Question
I think I need to use occupancy modelling for an upcoming project, but am very new to it, so apologies for a rather lengthy question that shows quite a poor grip of the basics! I'm hoping for a steer on the right way to approach answering my question. This is on the face of it, quite simple – I am interested in understanding what environmental conditions drive the occurrence of a butterfly species, and to do this, I have a very large number of butterfly records gathered across the species’ range, over a decade, that can be structured into visits with detection/non-detection based on the species list for different combinations of site and date.
Problem
However, it is a species with quite a dynamic population at large spatial scales. It has a core range where it is more or less resident, and should be detected with a certain amount of effort in most/all years. There is then a peripheral range into which there is immigration from the core range, in some years, quite a lot, resulting in lots of observations there. For this reason, I think taking a single year and doing a single-season occupancy model isn’t going to be appropriate, as if it’s a year with lots of immigration, I will get high predicted probabilities of occupancy in the periphery of the range where populations are unlikely to actually persist beyond the wave of immigration – the individuals sighted there are just immigrants that do not usually succeed in establishing themselves.
Because of this, it seems like I need an approach that takes a longer view, over several seasons with and without immigration, and identifies the core range as areas where it occurs consistently across seasons, the periphery as ones where it pops up occasionally, and then completely unoccupied areas as well. I’m after advice on the best tool for doing this.
Possible Solutions?
I wondered whether a dynamic occupancy model in unmarked might be the right approach. My current understanding is that I could use this to understand how environmental conditions affect the probability of occurrence at sites in the first year of my study period, and then colonisation or extinction after that. I guess the effects of environmental conditions on these parameters will capture what I’m after in different pieces, particularly the effects on extinction probability – core range sites will be ones that once occupied have a low probability of extinction, while peripheral range ones will be ones with a high probability of extinction if they are occupied in the initial time step (which should be unlikely), or get colonised during a period of immigration. Basically conditions that are associated with high occupancy and colonisation, and in particular, low extinction, indicate the core range.

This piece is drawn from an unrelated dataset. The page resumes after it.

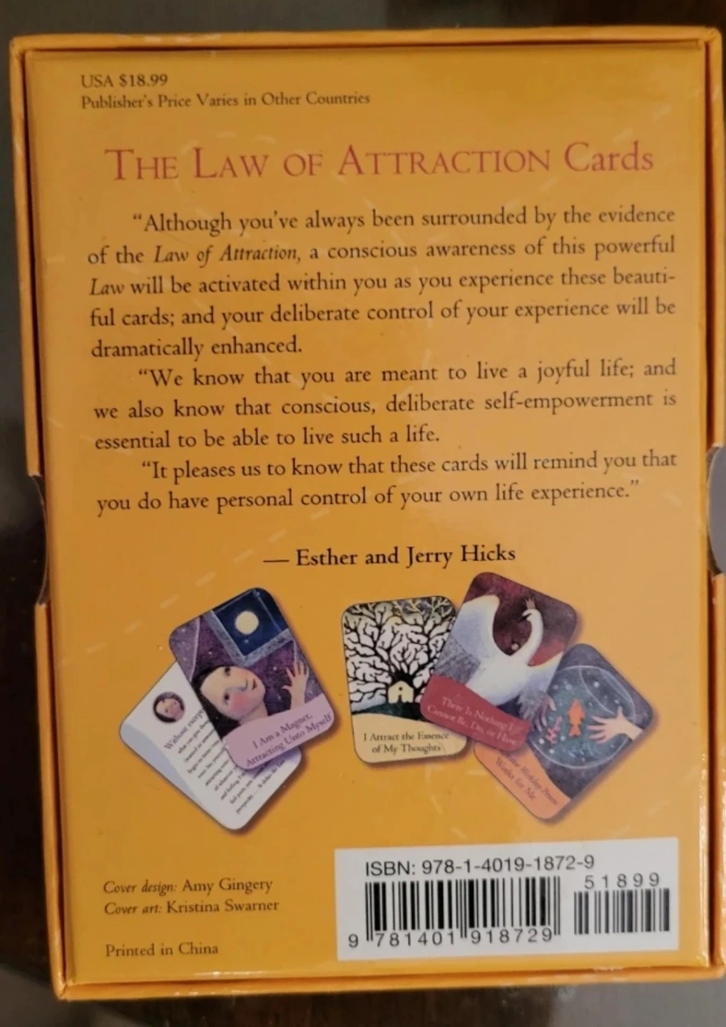 Selling a 60-card deck of The Law of Attraction Cards by Esther and Jerry Hicks (The Teachings of Abraham™). This deck is designed to help you activate the Law of Attraction in your life through beautiful and meaningful cards. Perfect for anyone interested in self-improvement and personal growth!

But I wasn’t sure this was quite what I wanted, although the process underlying the core/periphery is one of extinction and colonisation, I am not sure that they are really what I’m interested in, more their combined effects. Is there a way to summarise these separate effects in a dynamic occupancy model, to understand which sites are have a higher probability of occupancy across (in each year of) the study period? From Ken Kellner’s handy tutorial here, it seems that I could get close to this by applying projected() to my model with mean = FALSE, to get a matrix of the expected occupancy probability at each site in each year. But is there a way to get the mean of this and associated confidence intervals for the studied period, which seems a nice way to show the core/peripheral range during the study period? And is there then a way to summarise the effects of environmental conditions on these mean probabilities, via their effects on probability of initial occupancy/colonisation/extinction, or is that not possible, and actually harder to interpret than the effects of environmental conditions on the parameters estimated by the model already with good a priori arguments against doing it!
The other approach that seems to get suggested here quite often for situations where people have data from multiple seasons, and they are either not interested in estimating colonisation/extinction, or don’t have enough data to do so, is a stacked model with a random effect for site. I see people suggesting that they can be implemented in unmarked with a bit of clever data structuring (and can site level random effects now be used, mentioned here, see also here, here?), and it also looks like they can be implemented with a Bayesian framework in ubms.
Summary
What approach would people advise – should I just use a dynamic occupancy model in normal way, and focus on the effects of environmental conditions on the extinction parameter, could I use a dynamic occupancy model to get some kind of long-term occupancy estimate and the effects of environmental conditions on it? Or would a stacked model be best – are the occupancy probabilities for sites (and the effects of environmental conditions on them) generated by these more akin to what I am after, in the answer here, Dan Linden says: with ‘stacking (and depending on pooling), you are now estimating the probability of occurrence across space and time as opposed to just space’ which does sound pretty much like what I’m after.